Although it is simply bread, yet if faith and brotherly love precede it, it is to be received with joy, since, when it is used in the church, it is to show us that we are truly one bread and one body, and that we are and wish to be true brethren with one another, etc. But if one is found who will not live the brotherly life, he eats unto condemnation, since he eats it without discerning, like any other meal, and dishonors love, which is the inner bond. For also it does not call to his mind Christ’s body and blood, the covenant of the cross, nor that he should be willing to live and suffer for the sake of Christ and the brethren, of the head and the members.[22]

Several things are worth noting here. First, as might be expected from the preceding discussion, Grebel offers no clear delineation between technical theology and moral imperatives. Whether present or absent, the ethics of “brotherly love” determine the theological significance of the Lord’s Supper. The Supper of fellowship “works,” as it were, insofar as the celebrants bear witness to its truthfulness by being one with each other in the bond of love. Equally absent are both the Roman Catholic fascination with the Mass as a sacrament and the Protestant preoccupation with the nature of the Presence of Christ in the bread and wine. In contrast to Catholic and Protestant attempts to provide theologies that were ostensibly true regardless of time and place, Grebel made explicit use of the contextual nature of Christian practice to suggest a theology sustainable only by the true appropriation of that theology. Put simply, his eucharistic doctrine was designed to be meaningful only when something was done about it.

A second point worth noting in Grebel’s Letter is the way his ideas attest to the blending of the two Christological emphases noted above. Following a Reformed Christology, the bread is “simply bread.” Yet following a Christology conditioned by their experience as the church, with faith and brotherly love the church is both “one bread and one body.” The church thereby extends the incarnational reality of Christ’s humanity. This was Grebel’s answer to the question of what happened to Jesus’ body following the ascension, which removed his humanity from history. Rempel has shown that this same idea is also present in the Christologies of Balthasar Hubmaier and Pilgram Marpeck.[23]

This emphasis on the human nature of Christ helps to explain the sixteenth-century Swiss Anabaptist penchant for occasional rather than formal theology. It is appropriate that a church that believes itself to be the extension of the human, physical body of Christ should function as Christ did. It must act and respond according to the same historical specificity found in the stories of Jesus. Just as these stories refer to a real person in a particular time and place, so must the theological witness of the church. It is to the credit of sixteenth-century Anabaptism that the theology it produced is contextually rooted and occasionally determined in the forms of apologetic confessions and instructions to specific congregations, as in the case of Grebel’s Letter to Mntzer, Sattler’s letter to the congregation at Horb, or the many missives of Menno Simons. Such particular forms are necessary because they furnish the kinds of contexts necessary to provide theology the chance of proving to be truthful.

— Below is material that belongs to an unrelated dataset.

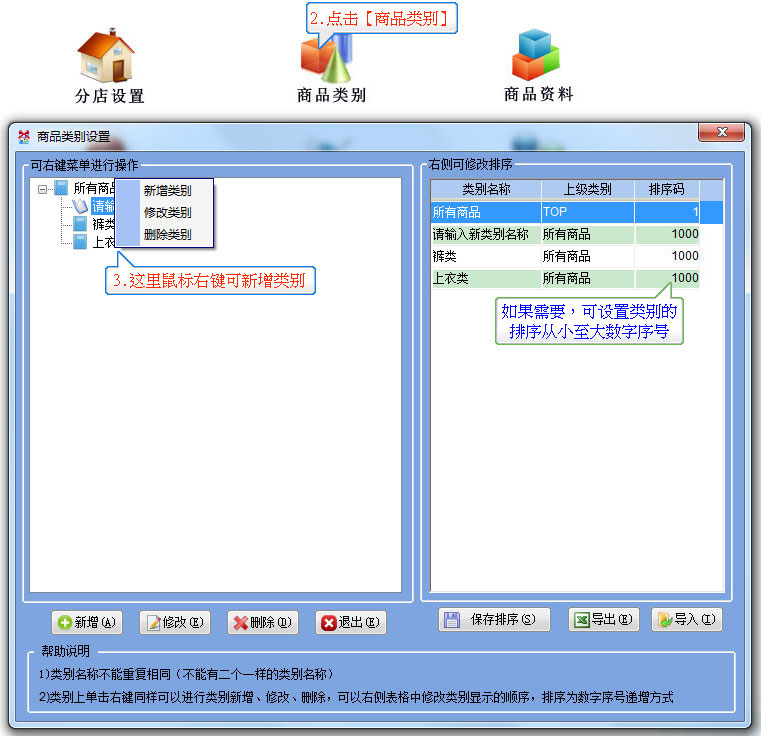 操作說明:在導航【基本信息】模塊中點擊【商品類別】打開如圖所示,在左邊類別上面點擊右鍵后出菜單,直接添加新類別,下級類別等,輸入分類的名稱即可。

In addition to rejecting a sharp distinction between doctrine and ethics and accounting for a kind of occasional theology, this Christological formulation leads to a third observation: it avoids the negative consequences of a spirit/matter dualism. Indeed, an over-zealous emphasis on spirit, that is, on Christ’s divinity, leads to an inward and individual communion. In contrast, emphasizing Christ’s humanity as the sole outward mediating presence in the Lord’s Supper can disproportionately exalt the church at the expense of the individual’s faith. The Swiss Anabaptists rejected both of these tendencies by recovering the unity of Christ in his two natures, thus allowing for the church’s self-expression of unity in both its corporate and individual manifestations.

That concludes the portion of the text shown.